What is required:
For the records below, copy exactly the span that begins at the line containing "рубля за месяц)." and stops after the line containing "Resistance welds between", minus any pictures.

Data for review:
· · · · ·

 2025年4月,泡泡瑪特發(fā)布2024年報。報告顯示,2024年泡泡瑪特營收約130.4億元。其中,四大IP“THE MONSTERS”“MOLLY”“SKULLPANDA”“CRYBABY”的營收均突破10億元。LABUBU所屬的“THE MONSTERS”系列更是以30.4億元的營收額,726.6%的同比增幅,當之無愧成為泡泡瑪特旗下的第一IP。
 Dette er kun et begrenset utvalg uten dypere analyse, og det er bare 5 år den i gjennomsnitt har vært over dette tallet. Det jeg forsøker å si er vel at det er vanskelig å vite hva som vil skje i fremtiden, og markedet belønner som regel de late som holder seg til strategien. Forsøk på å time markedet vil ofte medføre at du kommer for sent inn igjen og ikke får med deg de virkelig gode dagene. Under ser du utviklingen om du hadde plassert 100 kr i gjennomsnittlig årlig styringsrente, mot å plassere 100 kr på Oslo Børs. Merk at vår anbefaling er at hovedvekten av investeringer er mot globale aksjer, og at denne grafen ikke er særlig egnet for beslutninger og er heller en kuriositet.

· · · · ·

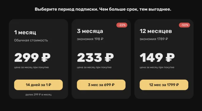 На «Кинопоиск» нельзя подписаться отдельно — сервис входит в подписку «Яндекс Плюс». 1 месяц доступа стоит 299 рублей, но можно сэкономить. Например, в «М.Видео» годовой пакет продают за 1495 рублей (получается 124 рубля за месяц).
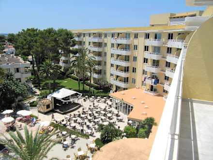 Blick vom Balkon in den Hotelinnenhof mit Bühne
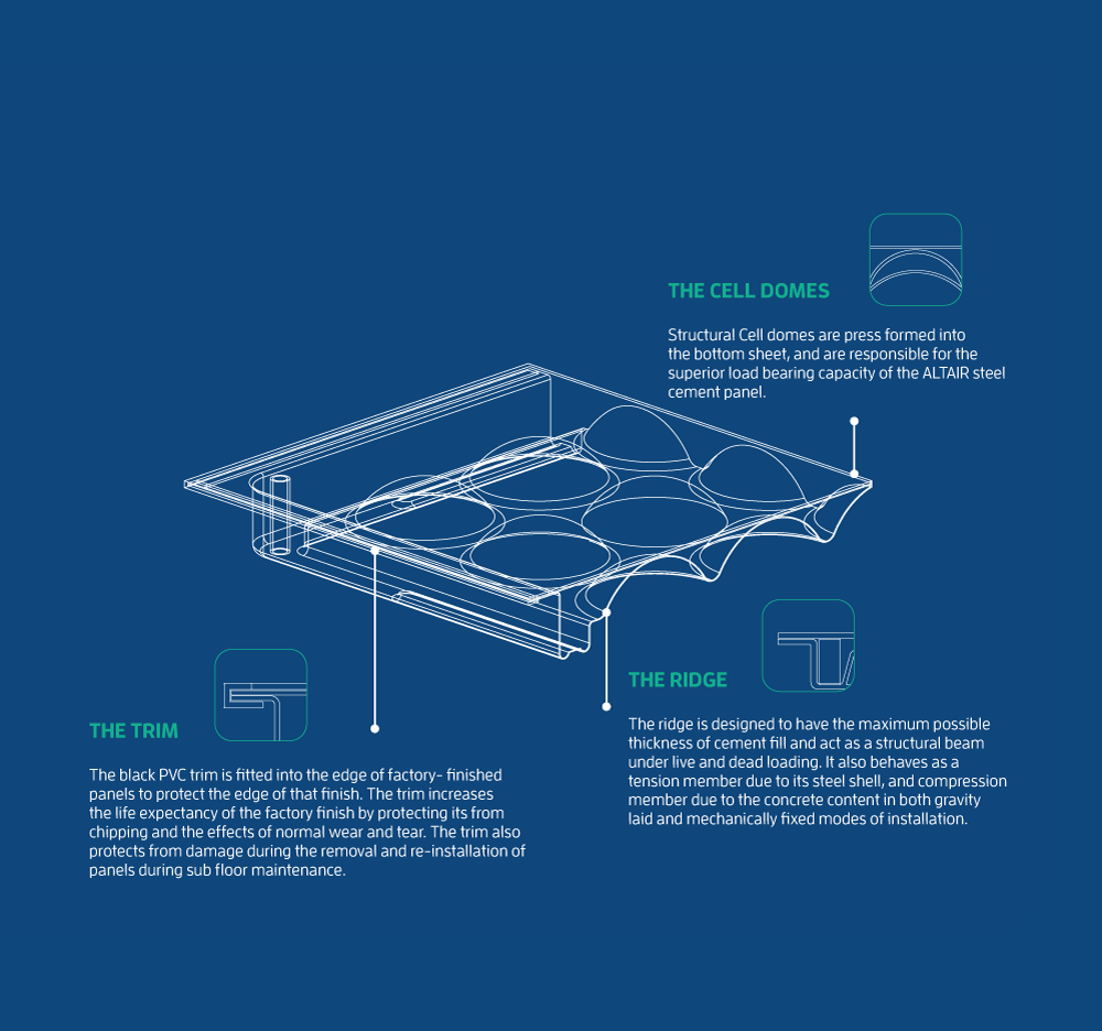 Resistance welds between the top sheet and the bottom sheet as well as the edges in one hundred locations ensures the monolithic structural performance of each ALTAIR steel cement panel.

· · · · ·

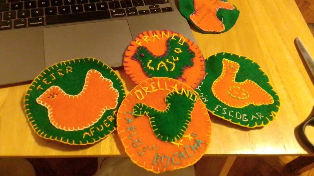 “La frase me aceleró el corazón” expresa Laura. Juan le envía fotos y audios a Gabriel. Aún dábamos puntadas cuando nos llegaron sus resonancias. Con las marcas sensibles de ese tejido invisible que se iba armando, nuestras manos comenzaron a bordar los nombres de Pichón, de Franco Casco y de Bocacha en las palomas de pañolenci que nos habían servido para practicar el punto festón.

· · · · ·

Your solution:
 На «Кинопоиск» нельзя подписаться отдельно — сервис входит в подписку «Яндекс Плюс». 1 месяц доступа стоит 299 рублей, но можно сэкономить. Например, в «М.Видео» годовой пакет продают за 1495 рублей (получается 124 рубля за месяц).
 Blick vom Balkon in den Hotelinnenhof mit Bühne
 Resistance welds between the top sheet and the bottom sheet as well as the edges in one hundred locations ensures the monolithic structural performance of each ALTAIR steel cement panel.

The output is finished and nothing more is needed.